**TASK DESCRIPTION:**
Write the records out exactly as they read, but not the pictures.

(Data extracted from a collection)
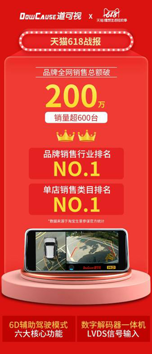 如今在2019年這場(chǎng)618年中大促戰(zhàn)役中,根據(jù)淘寶生意參謀官方統(tǒng)計(jì):道可視品牌全網(wǎng)銷售總額破200萬!銷量超600臺(tái)!
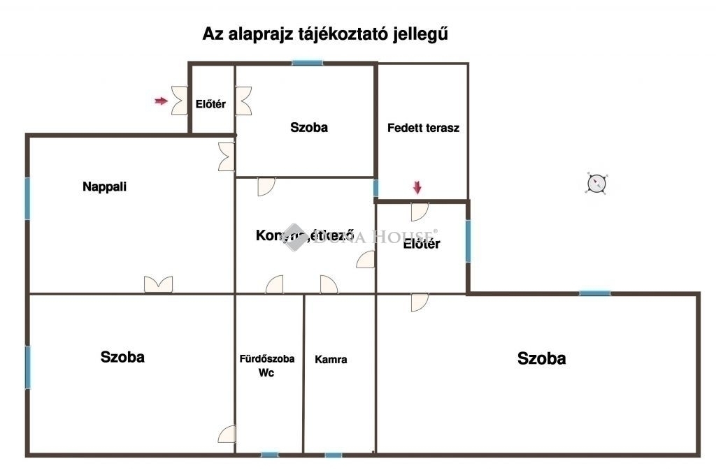 Az ingatlanban kialakításra került három szoba, egy nappali, konyha étkezővel, kamra és egy fürdő wc-vel.
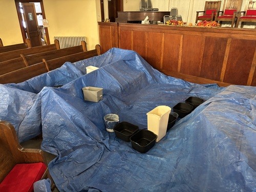 Unfortunately, for a number of years we have been facing challenges with leaks in the roof. Many partial repairs have been done in the past to stop rainwater from damaging the ceiling of the sanctuary and various interior and exterior walls. These leaks have occurred from time to time for years. The recent heavy snowstorm opened up a new hole and introduced our biggest leak to date, raining down gallons of water into the sanctuary.
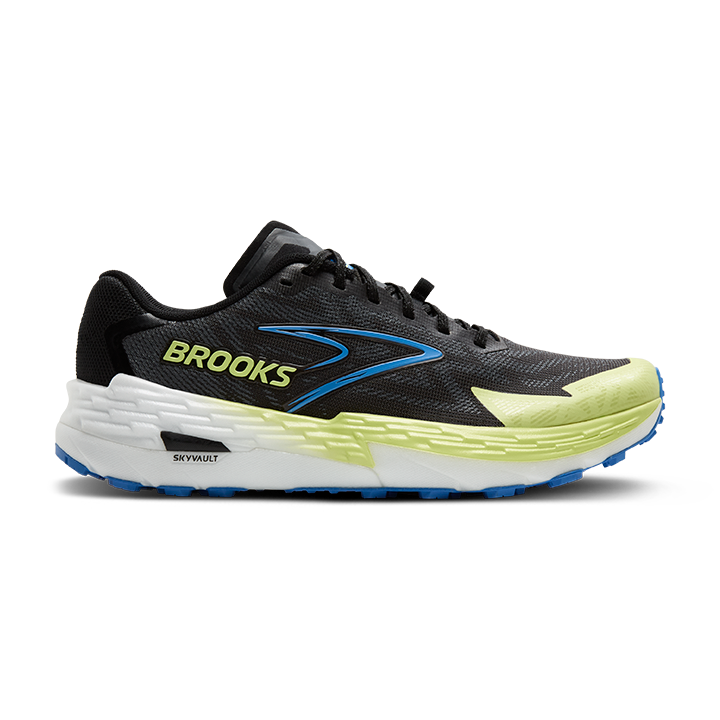 Brooks Catamount 4 – Trailschuhe Herren Schnelligkeit, Präzision und Grip – der Catamount 4 ist für alle Trailrunner gemacht, die bergauf genauso viel Leistung bringen wollen wie bergab. Die neu entwickelte SkyVault Trail Plate v2 unterstützt deine Abstoßphase beim Anstieg und ist vollständig in die reaktive DNA FLASH v2 Zwischensohle integriert. Für den nötigen Grip sorgt die TrailTack Green Außensohle mit 3,5 mm starken Stollen – ideal für matschige, felsige oder trockene Wege. Das widerstandsfähige Obermaterial aus TPEE-Mesh bleibt auch bei rauen Bedingungen atmungsaktiv und komfortabel. Technische Details: Sprengung: 6 mm Gewicht: 269 g Zwischensohle: DNA FLASH v2 (Stickstoff-infundiert) Platte: SkyVault Trail Plate v2 (vollflächig, gebogen) Außensohle: TrailTack Green Rubber mit 3,5 mm Stollen Obermaterial: Robustes, atmungsaktives TPEE-Mesh Fazit: Der Catamount 4 überzeugt mit perfektem Vortrieb und durchdachtem Trail-Support – ein zuverlässiger Begleiter für ambitionierte Läufe in anspruchsvollem Gelände.
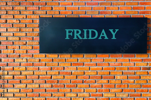Fototapeta premium Friday letters on a black background with brick wall
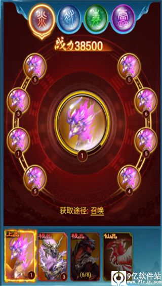 游戏中御魂也分四种属性,分别为炎、冰、毒、雷,每种属性按品质又分为上品、极品、仙品和神品,可通过激活和进阶御魂提升战力,御魂可通过召唤、开启秘宝、宗门祭坛、奇遇等方式获得。

**EXERCISE RESPONSE:**
 如今在2019年這場(chǎng)618年中大促戰(zhàn)役中,根據(jù)淘寶生意參謀官方統(tǒng)計(jì):道可視品牌全網(wǎng)銷售總額破200萬!銷量超600臺(tái)!
 Az ingatlanban kialakításra került három szoba, egy nappali, konyha étkezővel, kamra és egy fürdő wc-vel.
 Unfortunately, for a number of years we have been facing challenges with leaks in the roof. Many partial repairs have been done in the past to stop rainwater from damaging the ceiling of the sanctuary and various interior and exterior walls. These leaks have occurred from time to time for years. The recent heavy snowstorm opened up a new hole and introduced our biggest leak to date, raining down gallons of water into the sanctuary.
 Brooks Catamount 4 – Trailschuhe Herren Schnelligkeit, Präzision und Grip – der Catamount 4 ist für alle Trailrunner gemacht, die bergauf genauso viel Leistung bringen wollen wie bergab. Die neu entwickelte SkyVault Trail Plate v2 unterstützt deine Abstoßphase beim Anstieg und ist vollständig in die reaktive DNA FLASH v2 Zwischensohle integriert. Für den nötigen Grip sorgt die TrailTack Green Außensohle mit 3,5 mm starken Stollen – ideal für matschige, felsige oder trockene Wege. Das widerstandsfähige Obermaterial aus TPEE-Mesh bleibt auch bei rauen Bedingungen atmungsaktiv und komfortabel. Technische Details: Sprengung: 6 mm Gewicht: 269 g Zwischensohle: DNA FLASH v2 (Stickstoff-infundiert) Platte: SkyVault Trail Plate v2 (vollflächig, gebogen) Außensohle: TrailTack Green Rubber mit 3,5 mm Stollen Obermaterial: Robustes, atmungsaktives TPEE-Mesh Fazit: Der Catamount 4 überzeugt mit perfektem Vortrieb und durchdachtem Trail-Support – ein zuverlässiger Begleiter für ambitionierte Läufe in anspruchsvollem Gelände.
Fototapeta premium Friday letters on a black background with brick wall
 游戏中御魂也分四种属性,分别为炎、冰、毒、雷,每种属性按品质又分为上品、极品、仙品和神品,可通过激活和进阶御魂提升战力,御魂可通过召唤、开启秘宝、宗门祭坛、奇遇等方式获得。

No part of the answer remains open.